The only time a standard requires a diagnostic message (note that the standard does not distinguish between warnings and errors that stop compilation) is when a program violates the standard. Unless the compiler excludes the "no diagnostics required" statement.

All other warnings are optional to the compiler and not required by the standard.




1) Is there a resource that says which operator combinations now require parentheses?

No, since parentheses are not required. The warning is just a suggestion from the compiler. The program is well formed.

There were warnings when I added the -std = C ++ 11 flag

For what it's worth, my GCC warns, regardless of the standard argument.




2) Is there a way to disable only operator priority warnings but keep other warnings?

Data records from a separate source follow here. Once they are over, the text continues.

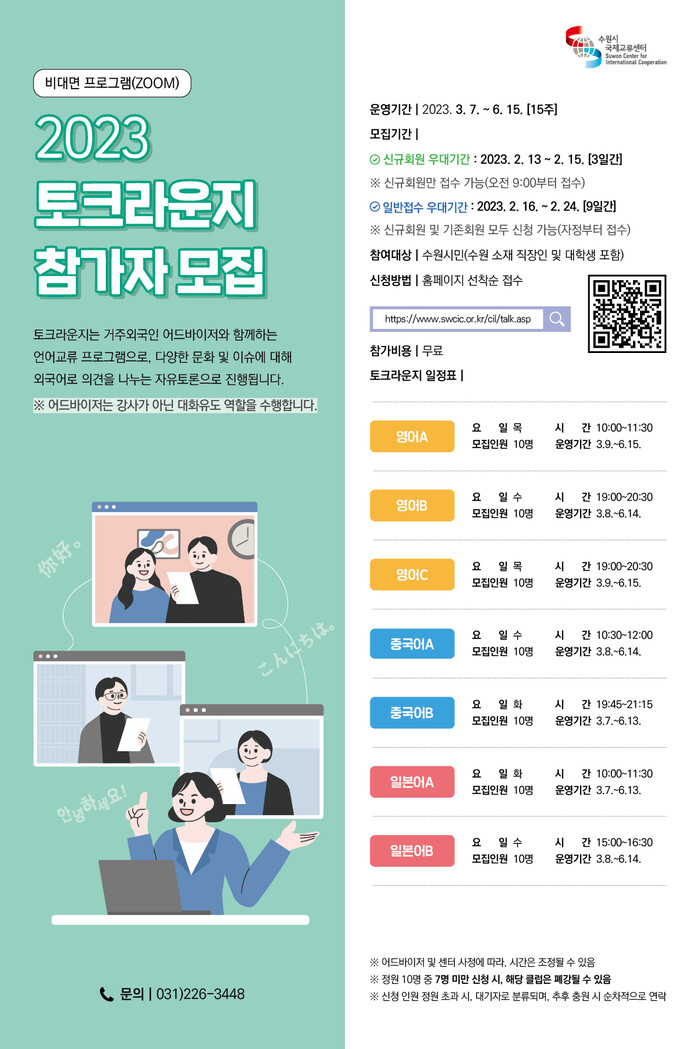 참여 신청은 수원시국제교류센터 홈페이지 ‘시민참여→토크라운지’에서 하거나 포스터에 있는 QR코드를 촬영해 접속해도 된다. 신규회원은 2월13일 오전 9시부터 24일까지, 기존회원은 2월16일부터 24일까지 접수한다.
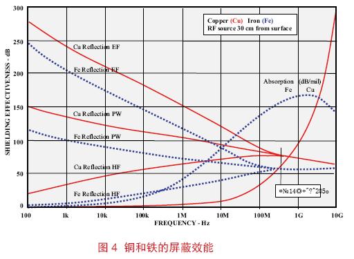 發(fā)射和敏感度問題的頻率低于100kHz 就意味著這是一個磁場(HF)耦合問題。在這種情況下,屏蔽效能主要取決于殼體材料的類型。不管材料如何選擇,首先必須決定最高頻率情況下對屏蔽效能(SE)的要求,然后加上適當(dāng)?shù)碾姶偶嫒菰A俊?br /> 然后,假設(shè)使用的是一種便宜的導(dǎo)磁材料,通過令其吸收損耗(A)= SE+EMCSM 來計算其所需的厚度(t)。
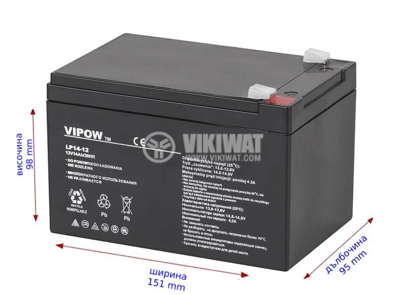 Гелов тягов акумулатор BAT0217 от VIPOW, с дълбок разряд, специално създаден за съхранение на енергия, напрежение 12 V и повишен капацитет от 14 Ah (размерите на корпуса е като на 12V, 12Ah). Подходящ за UPS захранвания, с дълъг живот. Габаритни размери 151x98x95 mm.

The warning itself states which warning option enabled it (here is the warning from my GCC):

warning: suggest parentheses around '+' inside '< [- Wparentheses]

To turn off, you can use the appropriate option to turn it off: -Wno-WHATEVER

.




Now my statements look very ugly, with 5 or more parentheses floating around them.

I recommend instead extracting the repeating structure and reusing the standard algorithm:

std::accumulate(string, string + 4, 0, [](auto sum, auto value) {
    return (sum << CHAR_BIT) + value;
});

      

Much less parentheses :) Note that in C ++ 11 (up to C ++ 14) you cannot use a auto

lambda as an argument type. I don't know what types you are using.